A third area of databases, 这在社交媒体网络中尤其流行, 是图形数据库的概念吗. In this instance, 关系是关键因素, 图是一种进行复杂搜索的新方法.

在我们前面提到的例子中, the proximity of a car’s parked position on the street relative to a given house might allow us to make a map-reduce index, but a graphing database would allow us to find friends of a particular homeowner that own the same model of car that’s parked on the street, in addition to confirming if that particular friend lives in town or in another country. Facebook’s rollout of graph searches will allow its users to do exactly these kinds of searches on friends that meet particular demographic or geographic criteria.

关系数据库中显示数据块之间关系的图形.

In many ways, Big Data in general -- and graphing databases in particular -- rely on the use of tags to create relationships between objects, persons, 以及其他不同的数据. To get to the point where any person or object is tagged enough to have value in a search graph, 需要做大量的索引工作.

这如何适合流媒体?

So if Big Data is about combining databases and running the proper analytics to find the answers behind the questions, 这一切如何适用于流媒体?

对于这个问题,你会得到截然不同的答案, but the map-reduce index that I derive from Big Data in streaming comes down to three things: content management, mission-critical delivery, 索引和元数据可用性.

内容管理和存储

Without a doubt, the percentage of video in terms of total data traffic has grown by leaps and bounds. Some studies suggest that on-demand internet video traffic itself accounts for almost one-third of all internet traffic during primetime hours, 在很大程度上要感谢 Netflix. Some traffic estimates for 2014 reflect that the majority of all data delivered across the internet will be video content.

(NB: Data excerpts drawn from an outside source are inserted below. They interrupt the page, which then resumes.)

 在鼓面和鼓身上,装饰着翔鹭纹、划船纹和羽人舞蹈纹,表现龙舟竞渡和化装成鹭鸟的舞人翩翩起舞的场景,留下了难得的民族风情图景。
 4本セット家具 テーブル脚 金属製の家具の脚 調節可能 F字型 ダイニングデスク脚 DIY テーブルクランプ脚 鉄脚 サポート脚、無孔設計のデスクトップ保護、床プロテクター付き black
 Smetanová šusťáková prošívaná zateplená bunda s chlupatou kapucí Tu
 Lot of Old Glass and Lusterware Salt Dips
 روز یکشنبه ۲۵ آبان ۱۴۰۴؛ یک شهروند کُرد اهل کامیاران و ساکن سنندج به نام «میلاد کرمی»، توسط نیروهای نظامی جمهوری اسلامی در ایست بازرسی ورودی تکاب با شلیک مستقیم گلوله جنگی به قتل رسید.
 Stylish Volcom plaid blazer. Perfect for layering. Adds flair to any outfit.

这为内容交付网络(CDN)提供商提供了机会, 其中一些已经迎接了挑战. But the Big Data issue for these CDNs is less about video content management and more about management of all the content surrounding the video.

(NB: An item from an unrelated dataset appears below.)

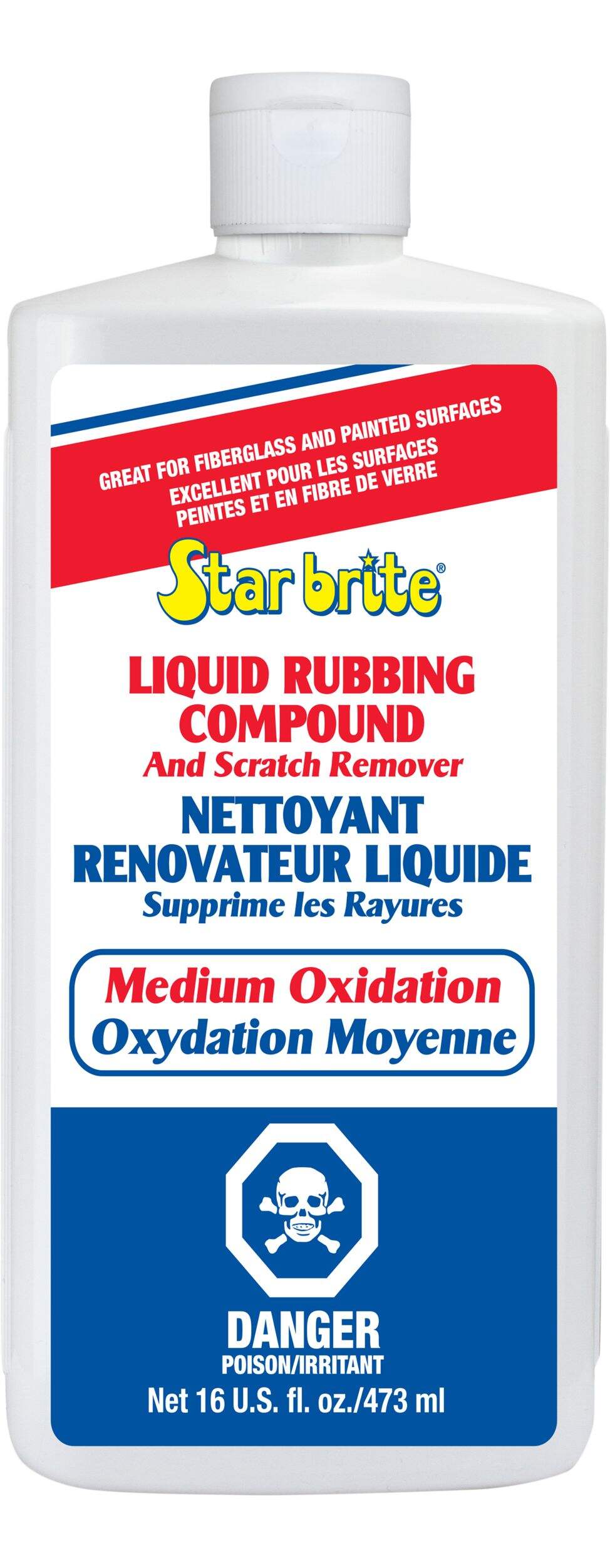Starbrite's liquid rubbing compound is your fast track back to a clean, restored surface. The convenient liquid formula removes medium oxidation and scratches from fiberglass, painted metal and more with either hand or buffer applications. After quickly restoring surfaces like boat hulls, trim or outboard motors, you'll be ready to hit the water again with a maintained finish using Starbrite's premium marine polish.

Interestingly, 解决cdn面临的所有内容管理问题, the issue of streaming content management is actually becoming a fairly simple one: keep track of the multiple versions of an on-demand video file that are needed to form adaptive bitrate (ABR) delivery. ABR是否通过苹果的HTTP Live Stream (HLS)传输?, 微软的流畅流媒体, 或新兴的HTTP动态自适应流(MPEG-DASH), progress has been made on all fronts in allowing on-the-fly segmentation of these various ABR technologies.

In 2007, 50%的互联网流量来自几千个网站, but by 2009, 50%来自150个站点(左). 今天(右),50%的互联网流量来自35个网站或服务. (图表由DeepField提供) 

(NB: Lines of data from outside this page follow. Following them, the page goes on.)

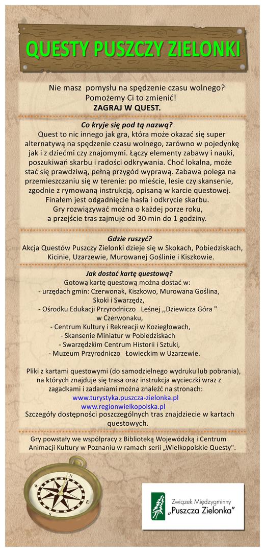 Puszcza Zielonka to nie tylko bardzo atrakcyjny Park Krajobrazowy, ale również edukacja, zabawa, rekreacja i turystyka. Idąc z duchem czasu Związek Międzygminny "Puszcza Zielonka" z tworzącymi go gminami, przy współpracy z Biblioteką Wojewódzką i Centrum Animacji Kultury w Poznaniu, stworzył 6 questów (w każdej gminie jeden), które przedstawiają jeden z najatrakcyjniejszych współczesnych sposobów zwiedzania. Wychodząc na przekur potrzebom turystów chcących brać czynny udział w poznawaniu nowych miejsc stwrzono adekwatne i interesujące do tego narzędzie.
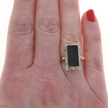 Size: 6Sizing Fee: Up 2 sizes for $40 or Down 1 size for $30Era: VintageMetal Content: 10k Yellow GoldStone InformationNatural OnyxStyle: SignetFeatures: Milgrain and Etched Detailing Around Shoulders & MountingMeasurementsFace Height (north to south):...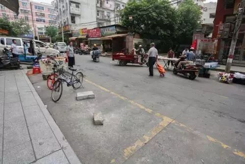 8.“霸道”石头抢车位 “自私”摊位堵过道
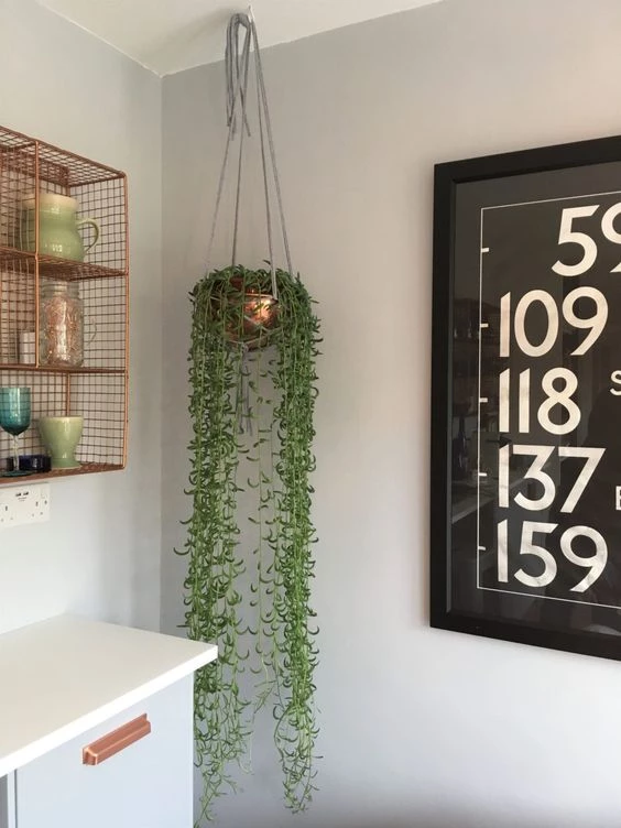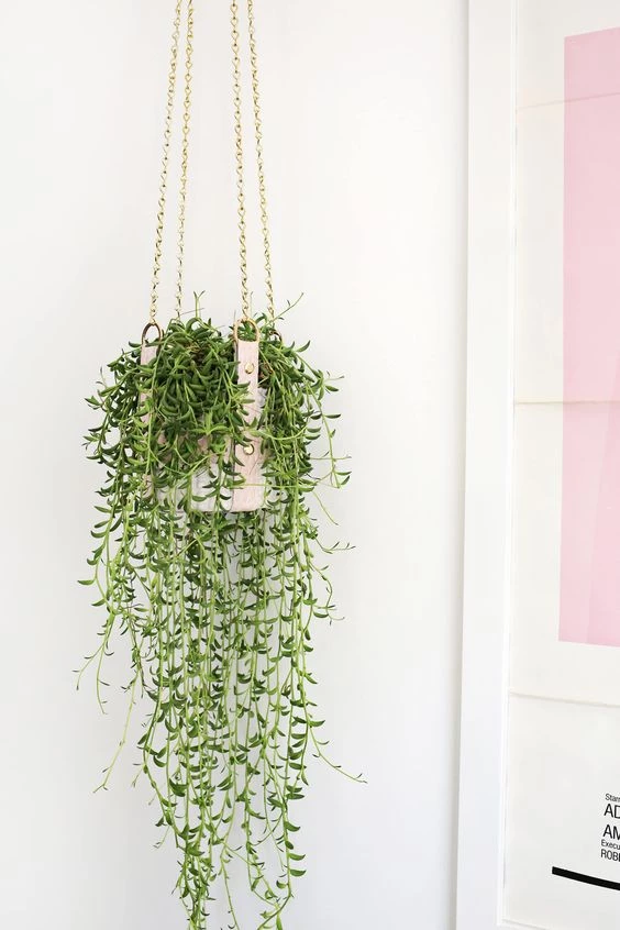 También puede colocarse en composición con otras suculentas colgantes, como el collar de corazones, la planta de rosario o la cola de burro, y formar una especie de jardín vertical súper chic.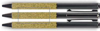 Metalinis rutulinis rašiklis su audiniu ant korpuso, pagamintas iš 20% arbatos tirščių, 30% kamštinės medžiagos, 50% polimedvilnės audinio, kartoninėje dėžutėje. Mėlynas rašalas.
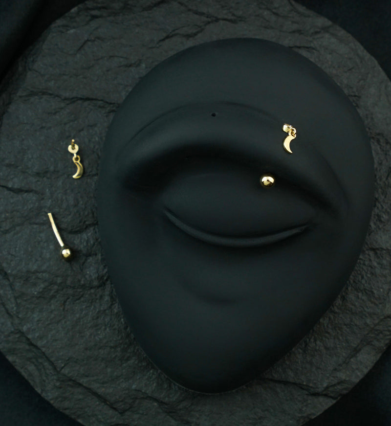 Curved barbells decorated with a dangling, crescent moon design and a bezel cz gem on top. The top piece has a threadless design that makes it effortless to put in and remove. The top design measures 7mm x 2mm (including star dangle). Made from 14kt gold with a 16G size and an inner length of 5/16" (8mm). Complete with a threadless 3mm ball on the end. Sold individually. Celestial jewelry piece for your eyebrow or rook piercings!

This means that we no longer have to keep track of thousands of 2-second segments in permanent databases, something that, a few years ago, Netflix projected would exceed 10 billion assets if they were required to store premium content in pre-segmented form.

DELIVERY

第二个受到关注的领域是内容的传递, 尤其是随着“超大型”网站数量的增长.

Craig Labovitz的演讲, DeepField的联合创始人兼首席执行官, 在2013年内容交付峰会上, narrowed in on the growth issues facing CDNs when it comes to content management.

“CDN traffic now represents more than half of all consumer traffic in the United States,” says Labovitz. “与我们2009年发表的上一份报告相比,这是一个非常戏剧性的变化.”

Labovitz notes that the consolidation of traffic to a few key CDNs has been an ongoing trend, 2007年50%的流量来自几千个网站. By 2009, the number of sites required to reach half of the data consumed on the North American internet was down to several hundred, and the new report’s initial data suggests the number of sites required is now less than 40 CDN or Top 10 sites.

“我们正越来越多地向非常平坦的方向发展, dense, 高度互联网络,Labovitz在之前的会议中指出. “[M]ost of the traffic isn’t flowing up along [a] tree to reach the Tier 1s and back down. Most of the traffic today is interchange between what we’ve been calling the hyper-giants.”

Streaming Covers
Free
for qualified subscribers
Subscribe Now Current Issue Past Issues
Related Articles

流媒体东15:大数据困扰许多视频提供商

Some of the biggest video publishers around are sitting on several years' worth of viewer data that they're only now beginning to sift through.

Rovi首次推出娱乐分析,多屏幕大数据

After acquiring IntegralReach, Rovi is unveiling a big data analytics solution for targeted reach.

MediaCom:大数据是联网电视成功的关键

流媒体视频正在通过各种连接设备进入家庭. 广告商也在跟进,依靠大数据来触及正确的目标.